La coincidencia en el tiempo ha convertido en episodios casi gemelos la retirada de EE UU de Afganistán y la conmemoración del vigésimo aniversario del 11-S. Abrumado por las críticas al caos que rodeó el repliegue, el presidente Joe Biden intenta ganarse el favor de los familiares de las víctimas de los atentados de Al Qaeda al firmar una orden ejecu-
tiva que ordena revisar documentos todavía secretos de la investigación gubernamental de los ataques a las Torres Gemelas y el Pentágono, con la intención de desclasificarlos. El movimiento se produce en vísperas de la conmemoración de la efeméride, pero tras el gesto alienta también la intención de cerrar el capítulo afgano. El vínculo entre ambos acontecimientos es indisoluble -EE UU intervino en Afganistán en 2001 en busca de los terroristas de Al Qaeda-, aunque el decreto firmado hoy responde en concreto a la petición de más de 1,600 familiares de las casi 3,000 víctimas mortales de los ataques, para que desclasifique información confidencial. Según un comunicado emitido por la Casa Blanca, Biden se ha dirigido al fiscal general, Merrick Garland, y otros organismos implicados para que procedan a la desclasificación “en un plazo de seis meses”.

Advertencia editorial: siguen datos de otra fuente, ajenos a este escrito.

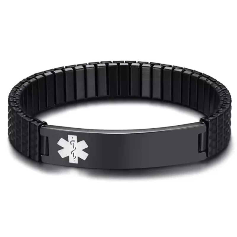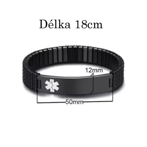 Oceľový pružný náramok, ktorý môže ochrániť Váš život, alebo život Vašich blízkych vďaka zdravotným údajom, ktoré je možné vyryť do doštičky vedľa lekárskeho symbolu.

“No debemos olvidar nunca el dolor permanente de las familias y los seres queridos de los 2.977 inocentes que murieron en el peor atentado terrorista de nuestra historia. Para ellos, no solo fue
una tragedia nacional e internacional. Fue un drama personal”, ha recordado Biden. Familiares y amigos de centenares de víctimas habían advertido al mandatario que no sería bien recibido en Nueva York, durante los actos conmemorativos, si no lo hacía. La firma del decreto obedece también, según el comunicado, a una de sus promesas de campaña. Hace exactamente un mes, el Departamento de Justicia anunció que el FBI había decidido revisar los documentos sobre el 11-S para “hallar información adicional que pueda divulgarse lo antes posible”. Los familiares de las víctimas habían reclamado poco antes la publicación de todos los documentos que demuestran la implicación de Arabia Saudí en los ataques. En el alero está la tradicional alianza, no exenta de tiranteces, entre los dos países, en la que la Administración de Joe Biden parece haber impreso un giro.